Having passed the Legislature, three bills that could significantly increase public awareness of alleged and confirmed instances of police violence or other misconduct as well as the standards set by official policy to govern police activities are on their way to Governor Brown’s desk.


SB 1421 by Skinner (D-Berkeley)  Release of Records of Peace Officer Violence, Sexual Assaults

This bill would require, “notwithstanding any other law,” disclosure of , in the words of the Legislative Counsel’s Digest, “certain peace officer or custodial officer personnel records and records relating to specified incidents, complaints, and investigations involving peace officers and custodial officers to be made available for public inspection pursuant to the California Public Records Act.”

That information would include a record “relating to the report, investigation, or findings of any of the following:

  • “An incident involving the discharge of a firearm at a person by a peace officer or custodial officer.
  • “An incident in which the use of force by a peace officer or custodial officer against a person resulted in death, or in great bodily injury.
  • “(A)n incident in which a sustained finding was made by any law enforcement agency or oversight agency that a peace officer or custodial officer engaged in sexual assault involving a member of the public.”

More specifically disclosure would include

  • all investigative reports;
  • photographic, audio, and video evidence;
  • transcripts or recordings of interviews;
  • autopsy reports;
  • all materials compiled and presented for review to the district attorney or to any person or body charged with determining whether to file criminal charges against an officer in connection with an incident, or whether the officer’s action was consistent with law and agency policy for purposes of discipline or administrative action, or what discipline to impose or corrective action to take;
  • documents setting forth findings or recommended findings; and copies of disciplinary records relating to the incident, including any letters of intent to impose discipline, any documents reflecting modifications of discipline due to the Skelly or grievance process, and letters indicating final imposition of discipline or other documentation reflecting implementation of corrective action.

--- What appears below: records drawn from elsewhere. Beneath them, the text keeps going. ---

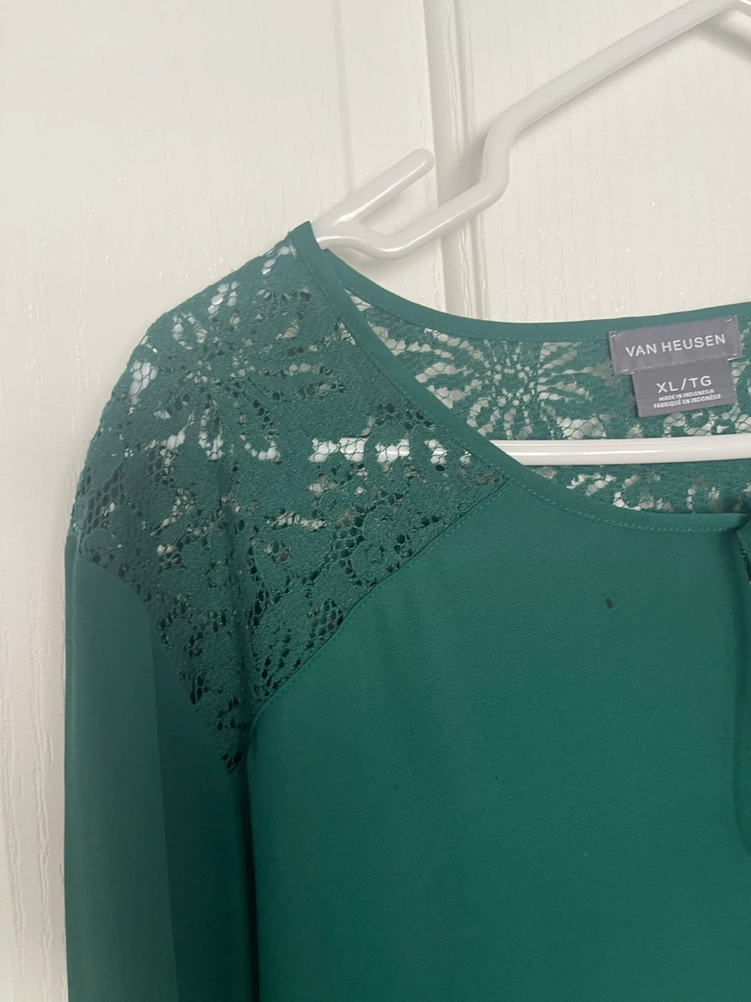 Van Heusen Women's Green Lace Inset Blouse XL/TG
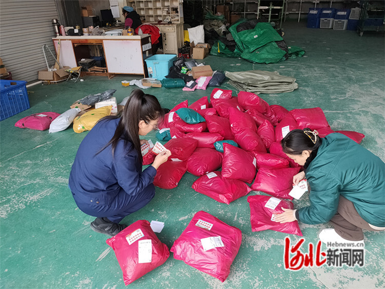 圖為快遞工作人員在包裹上粘貼消防安全提示小貼紙。
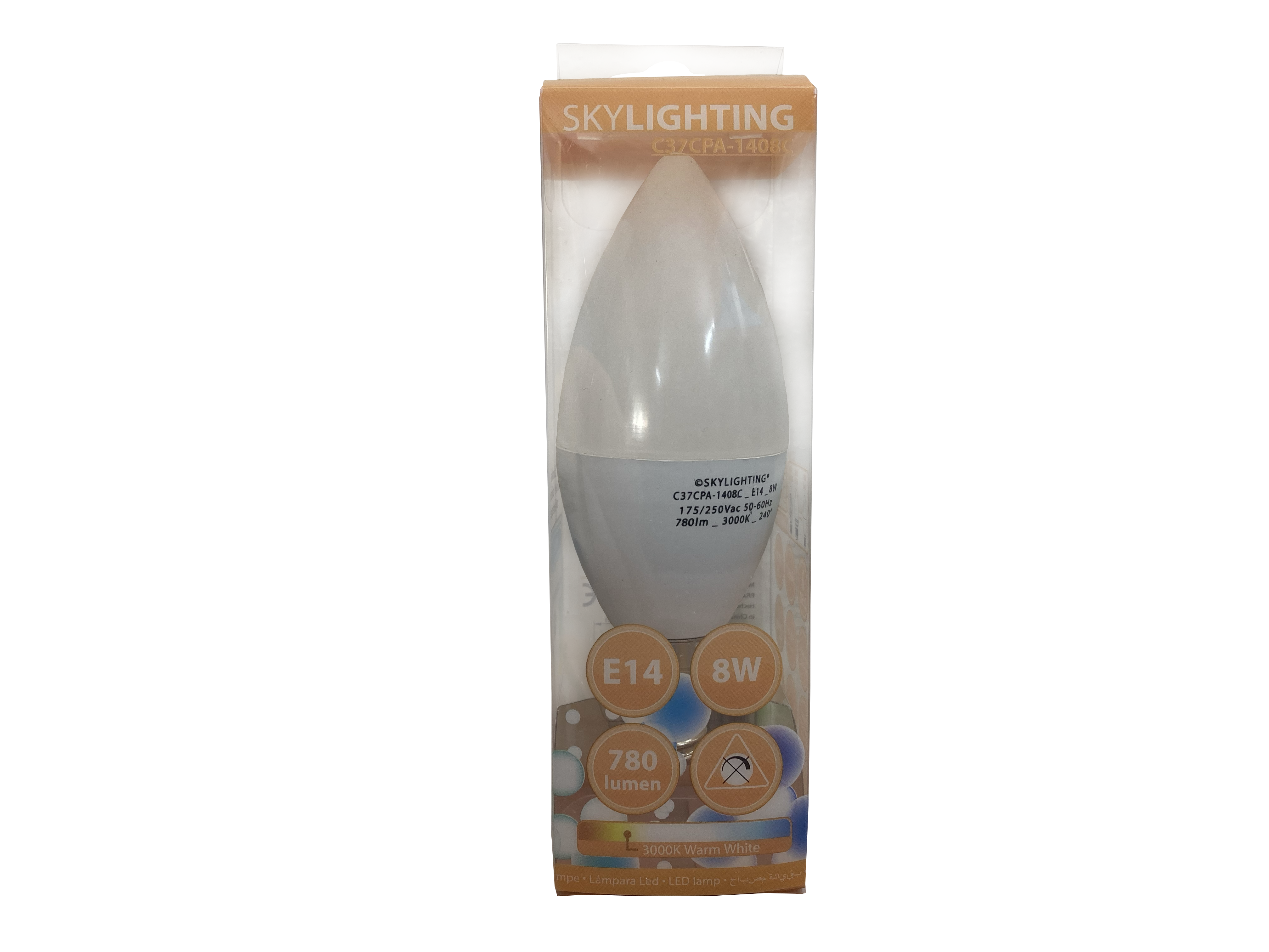 LED žárovka E14 SKYLIGHTING 8W C37CPA-1408C 3000K teplá bíláSkladem 95 ks45,00 Kč/ ks37,19 Kč bez DPH

Records so disclosed could be redacted only

  • to remove personal data or information such as a home address, telephone number, or identities of family members, other than the names and work-related information of peace officers and custodial officers,
  • to preserve the anonymity of complainants and witnesses, or
  • to protect confidential medical, financial, or other information in which disclosure “would cause an unwarranted invasion of personal privacy that clearly outweighs the strong public interest in records about misconduct by peace officers and custodial officers,” or
  • “where there is a specific, particularized reason to believe that disclosure would pose a significant danger to the physical safety of the peace officer, custodial officer, or others.”

The bill would allow the delay of disclosure, as specified, for records relating to an open investigation or court proceeding, subject to certain limitations. And a provision that might reduce the rate of disclosure under the bill states: “A record of a civilian complaint, or the investigations, findings, or dispositions of that complaint, shall not be released pursuant to this section if the complaint is frivolous . . . or if the complaint is unfounded.”


AB 748 by Ting (D-San Francisco)  Release of Recording Depicting Peace Officer’s Use of Force

This bill would allow a video or audio recording that relates to an incident involving a peace officer’s use of force, or involving a violation of law or agency policy by a peace officer, to be withheld for 45 calendar days, subject to extensions, if disclosure would substantially interfere with an active investigation. The bill would allow the recording to be withheld if the public interest in withholding the video or audio recording clearly outweighs the public interest in disclosure because the release of the recording would, based on the facts and circumstances depicted in the recording, violate the reasonable expectation of privacy of a subject depicted in the recording, in which case the bill would allow the recording to be redacted to protect that interest. If the agency demonstrated that the reasonable expectation of privacy of a subject depicted in the recording could not adequately be protected through redaction, the bill would require that the recording be promptly disclosed to a subject in the recording or his or her immediate family, if deceased.


SB 978 by Bradford (D-Gardena) Online Postng of Law Enforcement Policies, Standards, Practices

This bill would require the Commission on Peace Officer Standards and Training, as well as all local law enforcement agencies, to “conspicuously post on their Internet Web sites all current standards, policies, practices, operating procedures, and education and training materials that would otherwise be available to the public if a request was made pursuant to the California Public Records Act.” The bill would take effect in January 2020.